In theory, all variations may also drop: boats, enchanted fishing rods, or leashes.

Tuesday, October 30, 2012

Beastmaster II

The Beastmaster is back, now in full color. Let me know what you think of the old lady.

Monday, October 29, 2012

Minecraft Idea: Thanatomnicon

 So recently, I realized that Minecraft combat is basically like Fight Club. You choose your own level of involvement. The bosses are all totally optional and require quite a bit of work to even fight. Nearly half the "enemy" mobs in the game require aggression on the player's part to draw aggro, and once you've got a proper base established, realistic involvement with hostile mobs revolves entirely around the player's schedule.

So I thought it would be cool if we could take this a step further. First, players must craft the Thanatomnicon, the Minecraft Book of the Dead, from 3 Bones, 5 Rotten Flesh, and 1 Book, and perhaps enchanted it at an Enchanting Table.




This dread book might have some value as an expensive piece of equipment (I haven't decided whether it should do anything on its own yet), but right now it exists as the primary ingredient in the Thanatomnicon Podium, a tool block that can be used to summon Zombie Raids. Craft a Thanatomnicon Podium (1 Thanatomnicon, 3 nether brick, 3 soul sand) and incur the Curse of Thanatomnicon from the GUI.

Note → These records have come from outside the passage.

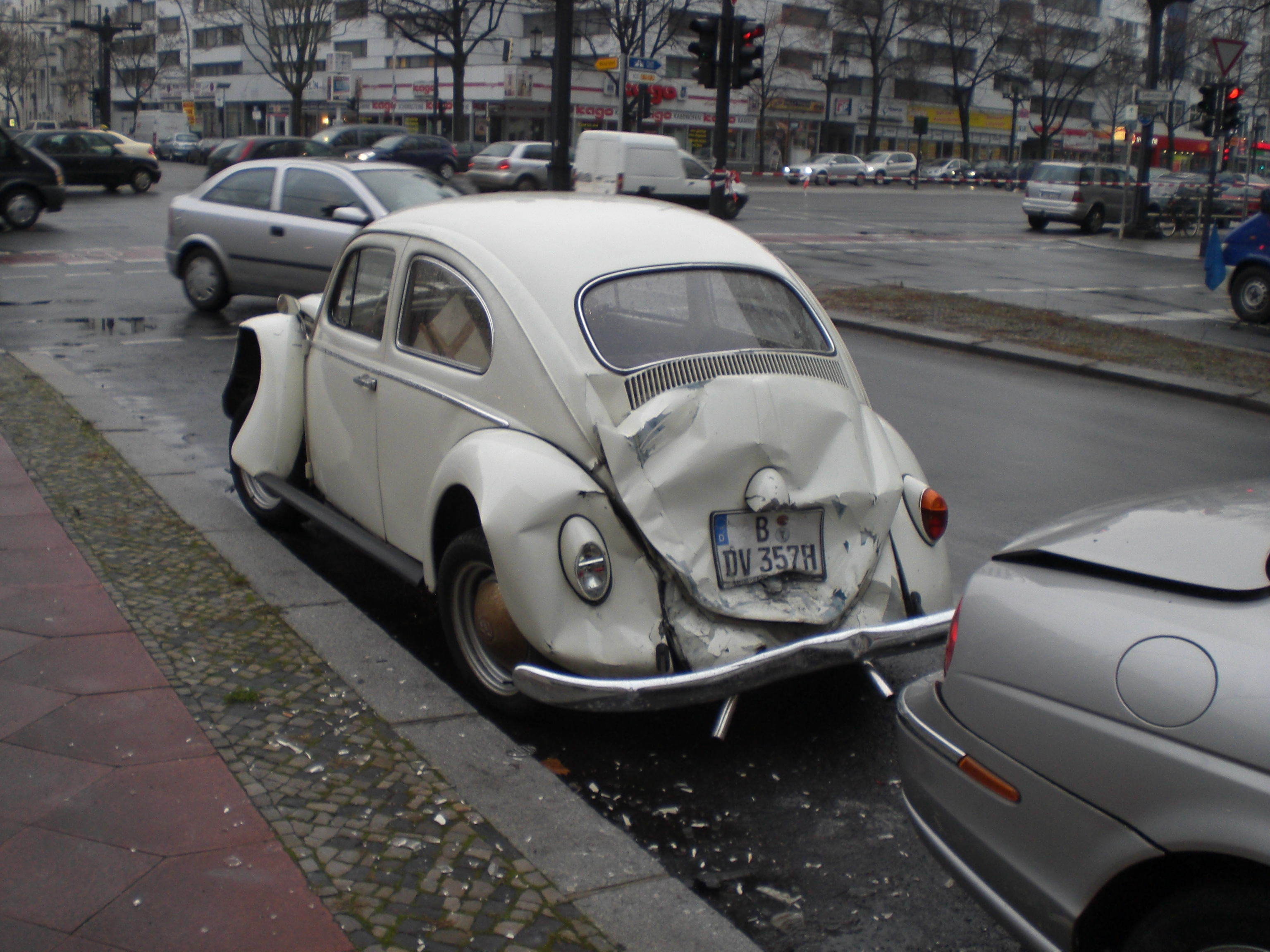 This vintage bug was demolished as a bus crashed into an Berlin office building
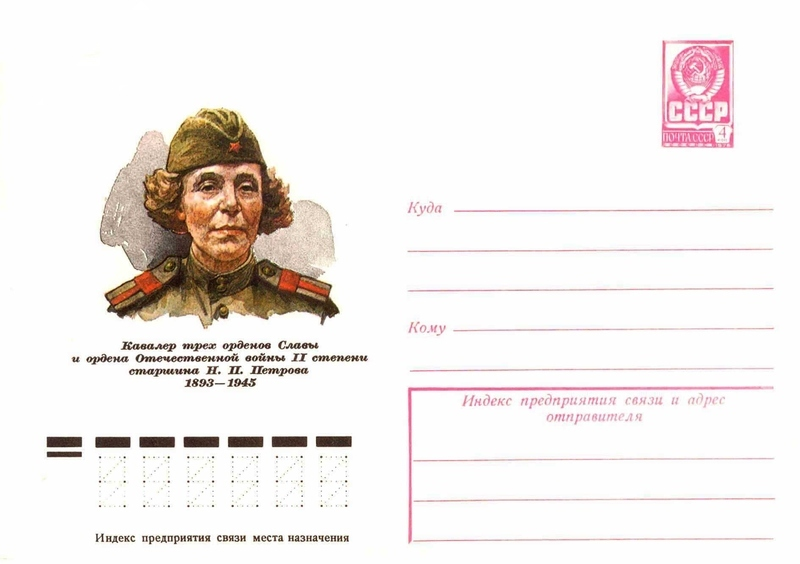 1978 Soviet postal cover featuring portrait of female sniper and full bearer of the Order of Glory Nina Petrova
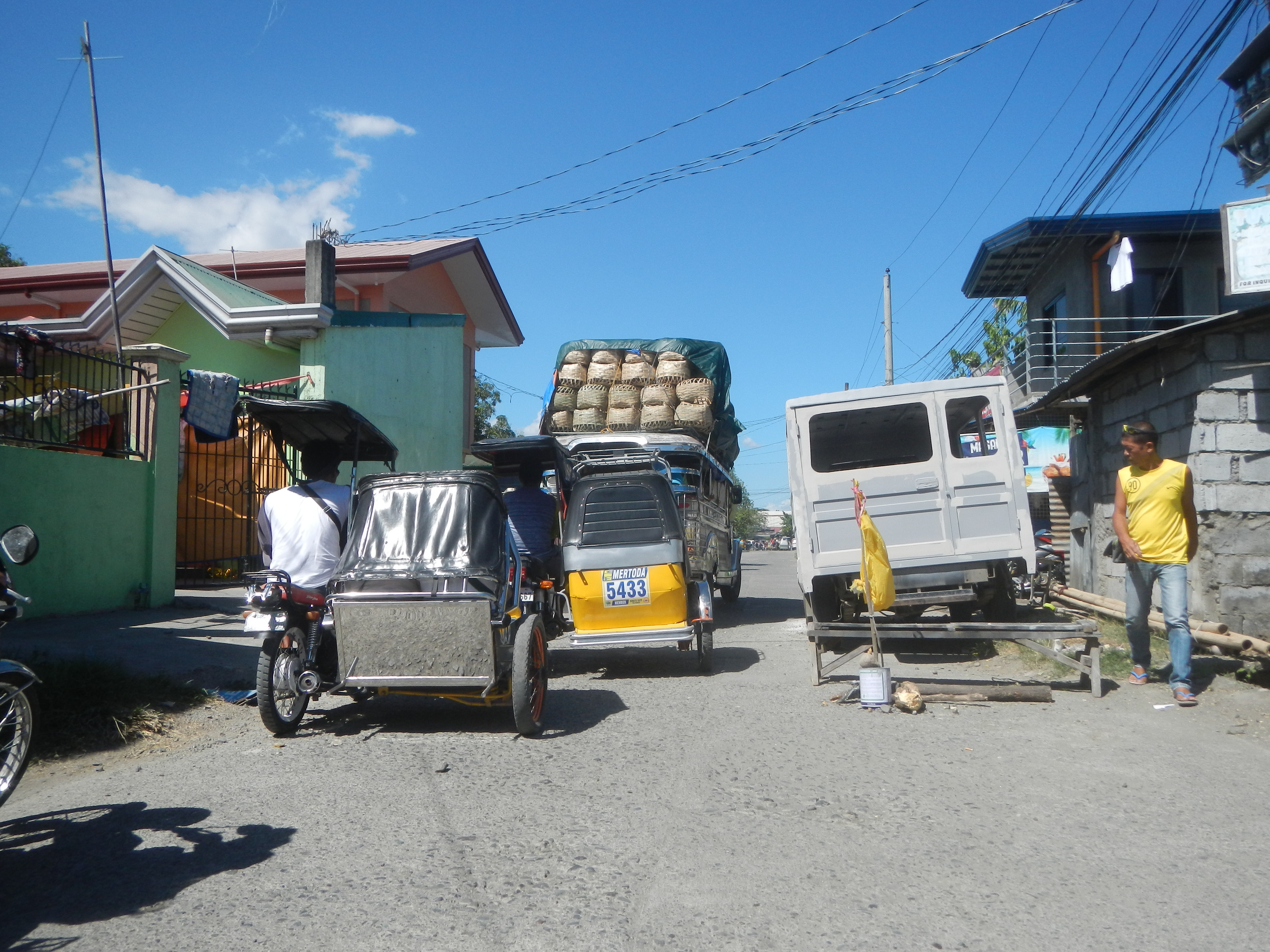 Bayanihan-Mangino-Pambuan Road, Gapan City passing (P. Cruz Subdivision Road & Farm-to-Market Roads, Barangays Mangino & Santa Cruz, Gapan City) in Barangays Bayanihan 15°17'54"N 120°58'13"E 56'51"E Tinio Street 15°18'47"N 120°57'9"E San Lorenzo 15°18'43"N 120°56'56"E Mangino 15°19'45"N 120°59'10"E P. Cruz Subdivison 15°18'40"N 120°57'28"E Pambuan 15°20'49"N 120°58'25"E, Gapan, Nueva Ecija bounded by beside Peñaranda, Nueva Ecija, gateway to and from Pan-Philippine Highway, also known as the Maharlika "Nobility/freeman" Highway in Cagayan Valley Road (Note: Judge Florentino Floro, the owner, to repeat, Donor Florentino Floro of all these photos hereby donate gratuitously, freely and unconditionally all these photos to and for Wikimedia Commons, exclusively, for public use of the public domain, and again without any condition whatsoever).
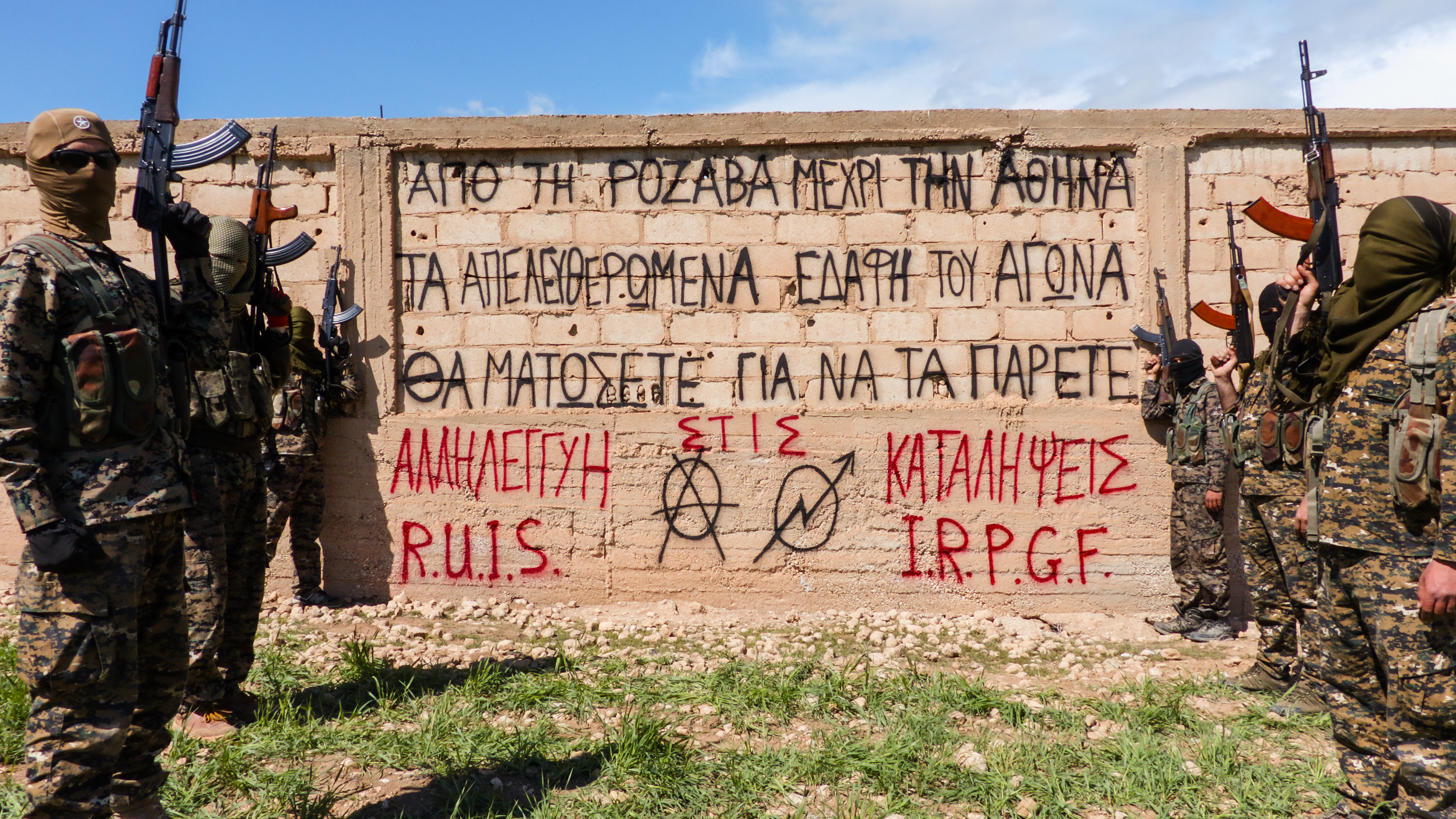 R.U.I.S. (Revolutionary Union for Internationalist Solidarity) / ΕΣΔΑ (Επαναστατικός Σύνδεσμος Διεθνιστικής Αλληλεγγύης) members at Rojava, northern Syria, along with I.R.P.G.F.. Writing on the wall (gr) ΑΠΟ ΤΗ ΡΟΖΑΒΑ ΜΕΧΡΙ ΤΗΝ ΑΘΗΝΑ ΤΑ ΑΠΕΛΕΥΘΕΡΩΜΕΝΑ ΕΔΑΦΗ ΤΟΥ ΑΓΩΝΑ ΘΑ ΜΑΤΩΣΕΤΕ ΓΙΑ ΝΑ ΤΑ ΠΑΡΕΤΕ ΑΛΛΗΛΕΓΓΥΗ ΣΤΙΣ ΚΑΤΑΛΗΨΕΙΣ R.U.I.S. (A) I.R.P.G.F. Writing on the wall (en) From Rojava all the way to Athens You will have to bleed to capture the liberated ground of the struggle Solidarity to the squats R.U.I.S. (A) I.R.P.G.F. Publication date based on

The Thanatomnicon Podium basically behaves like a reverse bed: when all players on a server use it, it turns day to night and starts a zombie siege.



Not challenging enough? What if it also summoned a rainstorm, so that even if you survive the night, the zombies won't be killed by daybreak? Still not challenging enough? Well then! Rather than having the horde attack for a preset limit, the Thanatomnicon won't stop summoning new zombies (and skeletons, and witches) until it is placated! Enemies in the horde now drop Magic Words. Combine 9 magic words into the the Spell of Placation, and the Thanatomnicon will stop summoning enemies.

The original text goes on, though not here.